Adding the flag to CMAKE_EXE_LINKER_FLAGS is redundant.
The preferred way to specify toolchain-specific options is using CMake's toolchain facility. This ensures that there is a clean division between:
instructions on how to organise source files into targets -- expressed in CMakeLists.txt files, entirely toolchain-agnostic; and
details of how certain toolchains should be configured -- separated into CMake script files, extensible by future users of your project, scalable.
Ideally, there should be no compiler/linker flags in your CMakeLists.txt files -- even within if/endif blocks. And your program should build for the native platform with the default toolchain (e.g.
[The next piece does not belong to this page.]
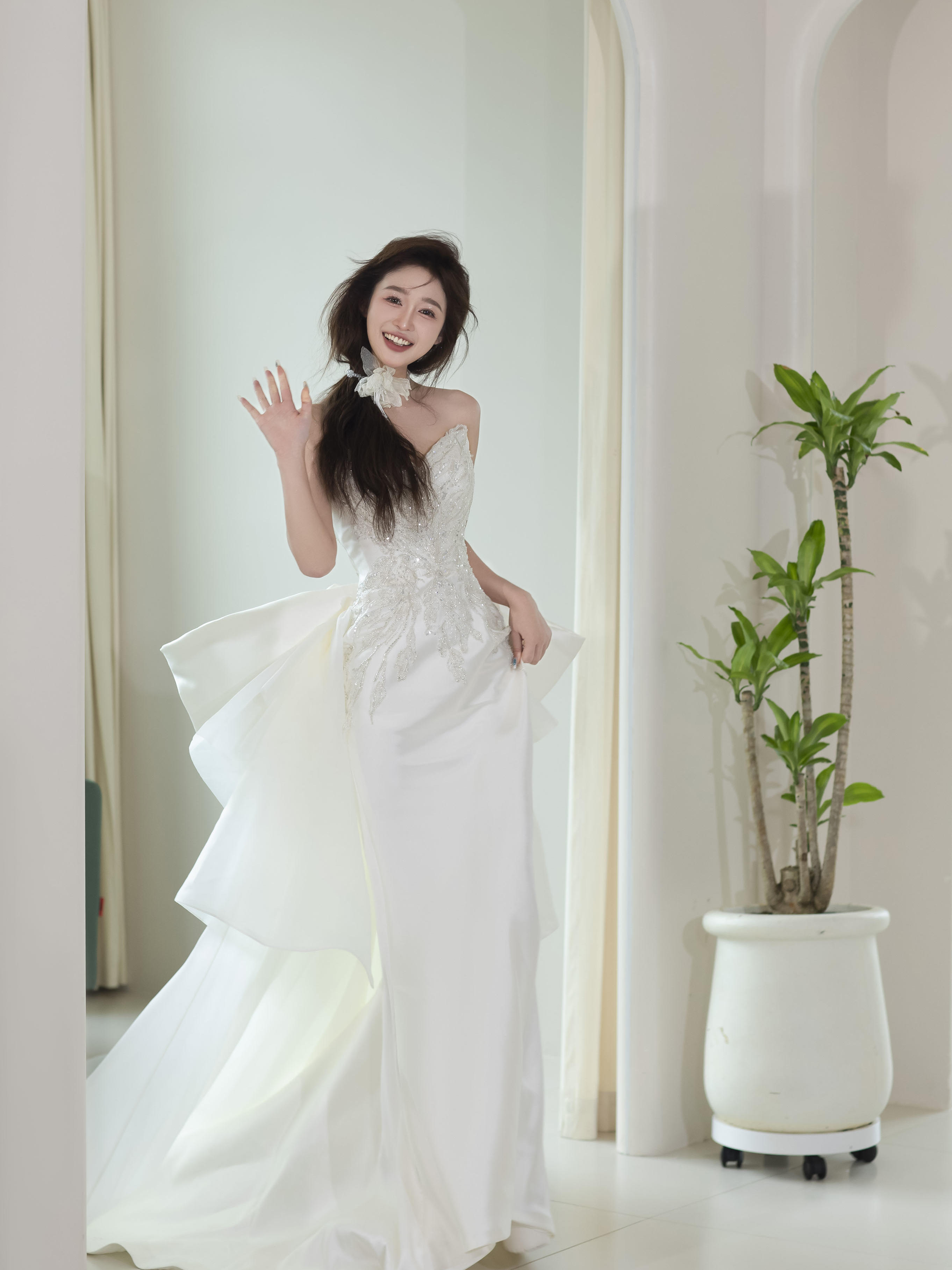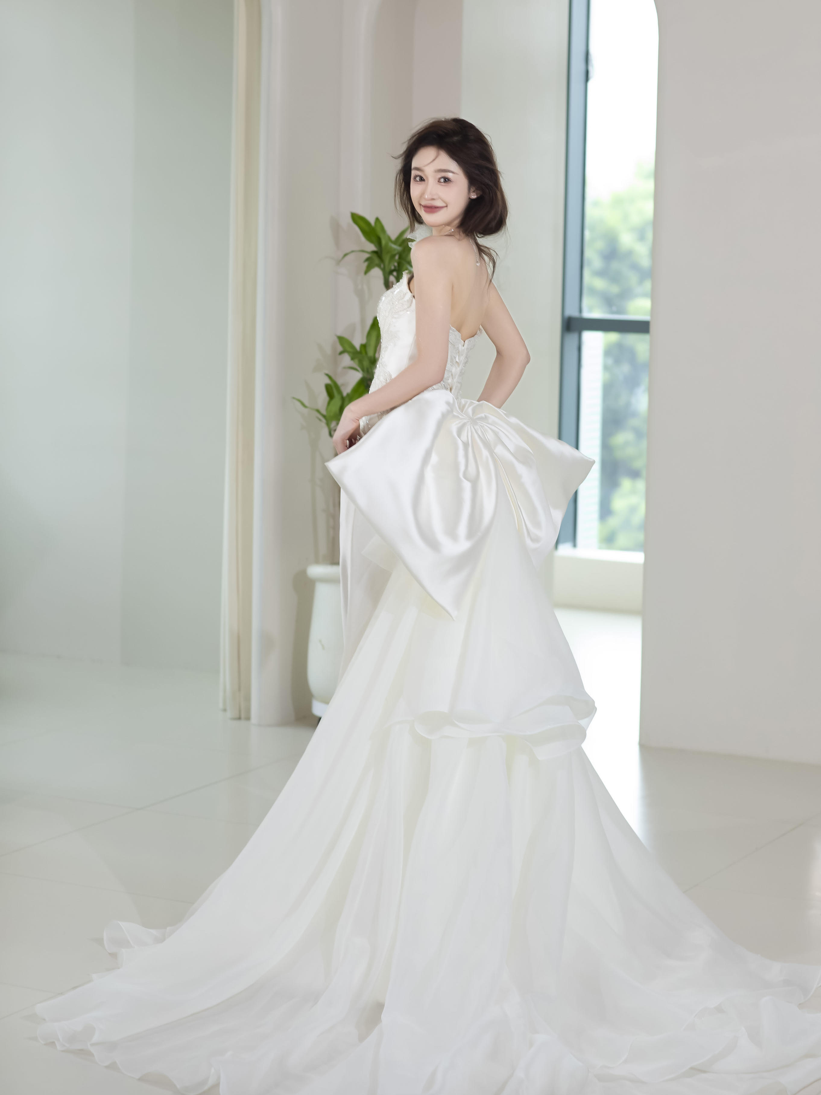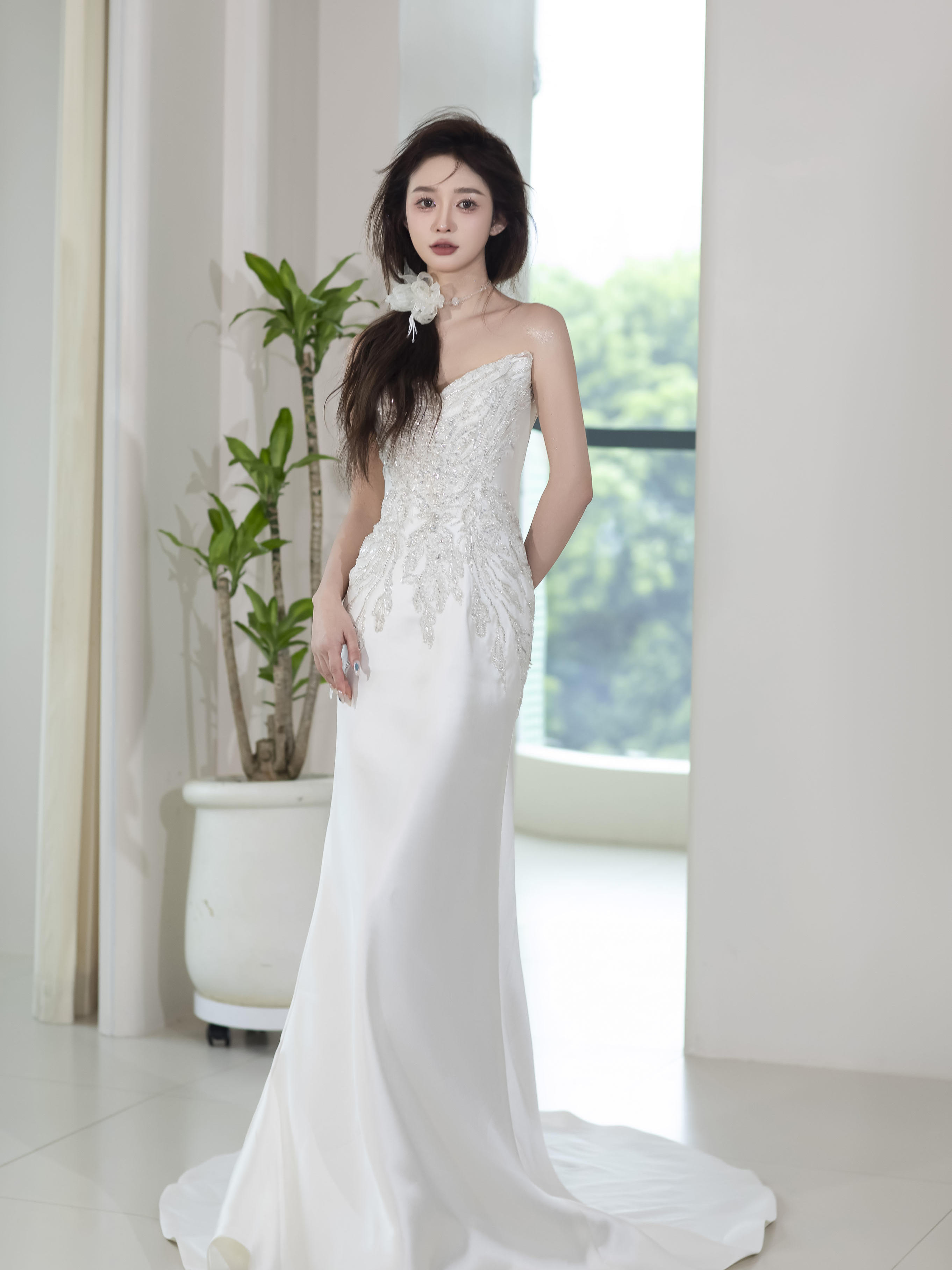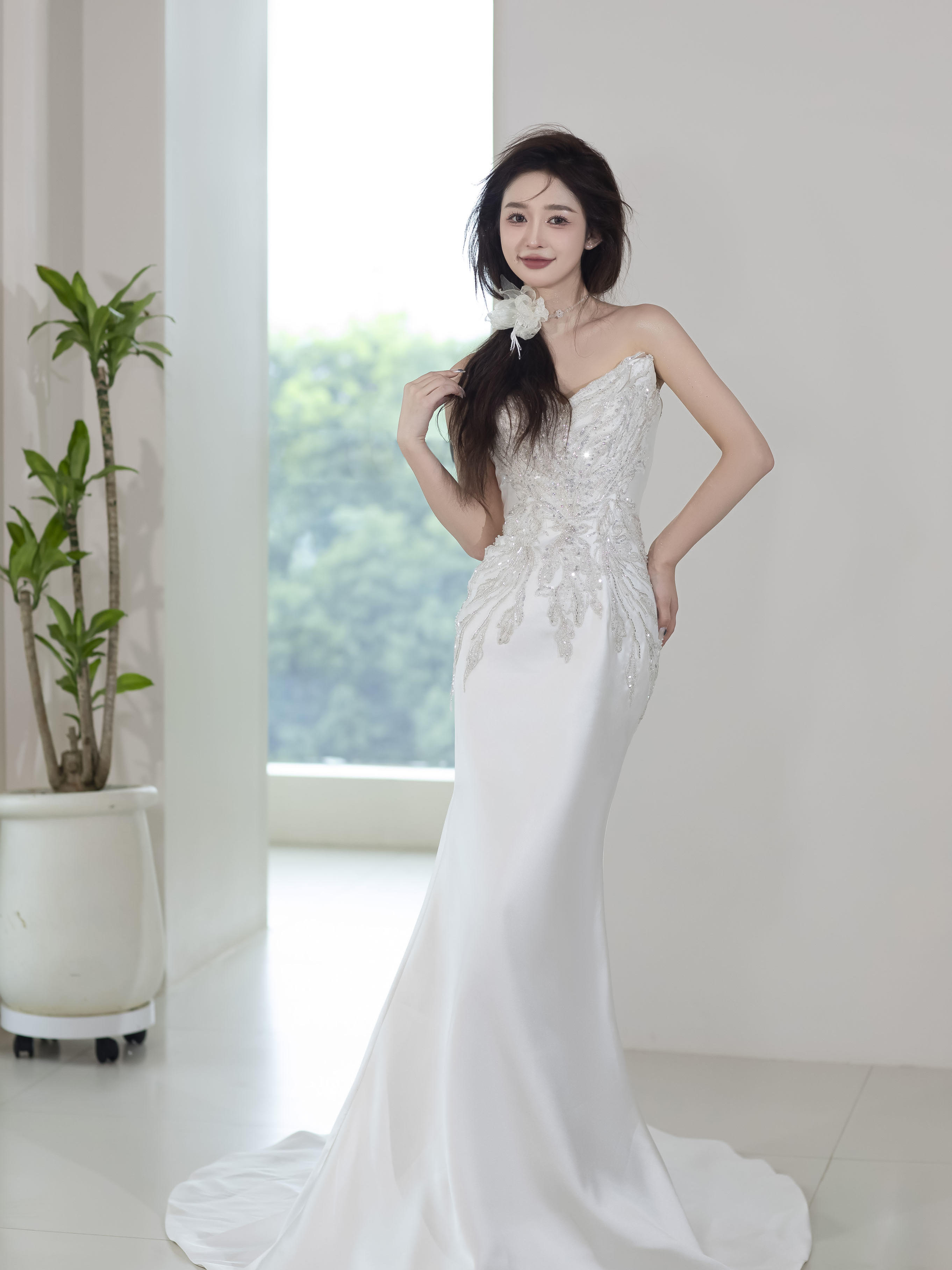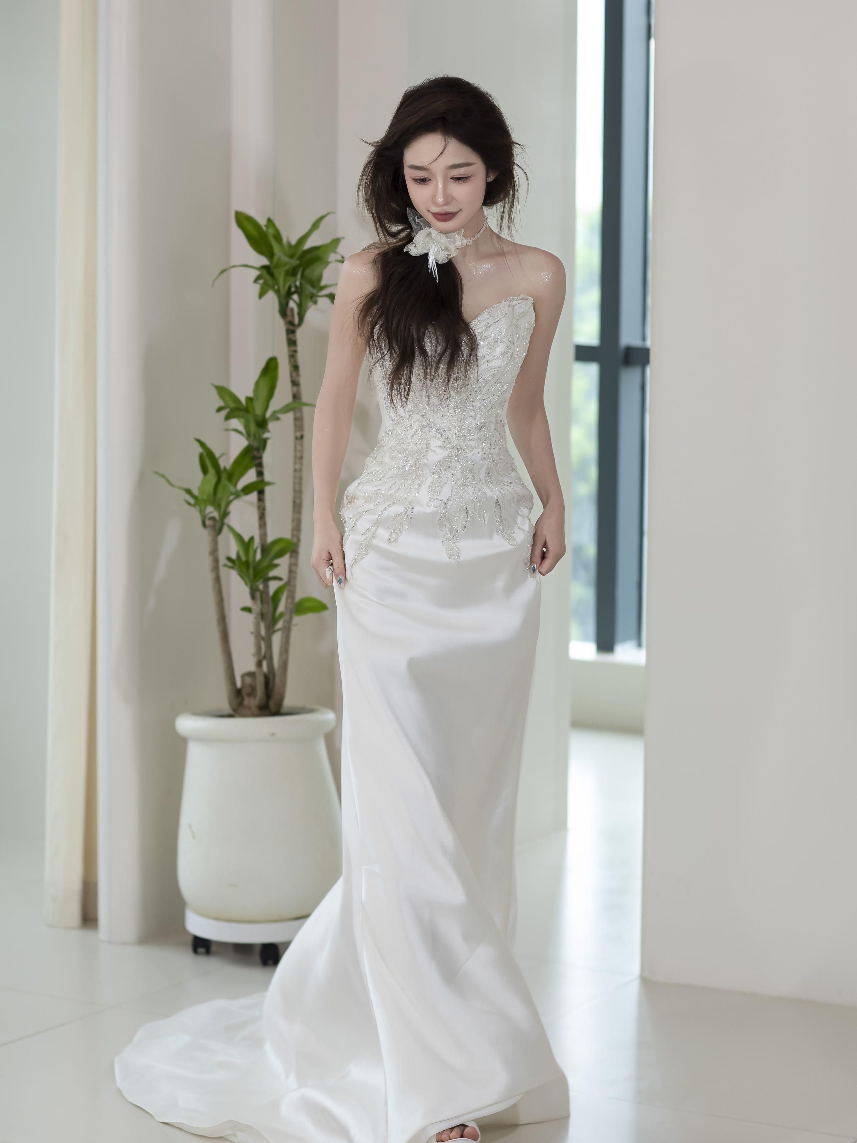 慵懒感超温柔缎面抹胸鱼尾纱

GCC on GNU/Linux or MSVC on Windows) without any additional flags.
Steps to add a toolchain:
Create a file, e.g. arm-linux-androideadi-gcc.cmake with global toolchain settings:
set(CMAKE_CXX_COMPILER arm-linux-gnueabihf-g++)
set(CMAKE_CXX_FLAGS_INIT "-fexceptions")
(You can find an example Linux cross-compiling toolchain file here.)
When you want to generate a build system with this toolchain, specify the CMAKE_TOOLCHAIN_FILE parameter on the command line:
mkdir android-arm-build && cd android-arm-build
cmake -DCMAKE_TOOLCHAIN_FILE=$(pwd)/../arm-linux-androideadi-gcc.cmake ..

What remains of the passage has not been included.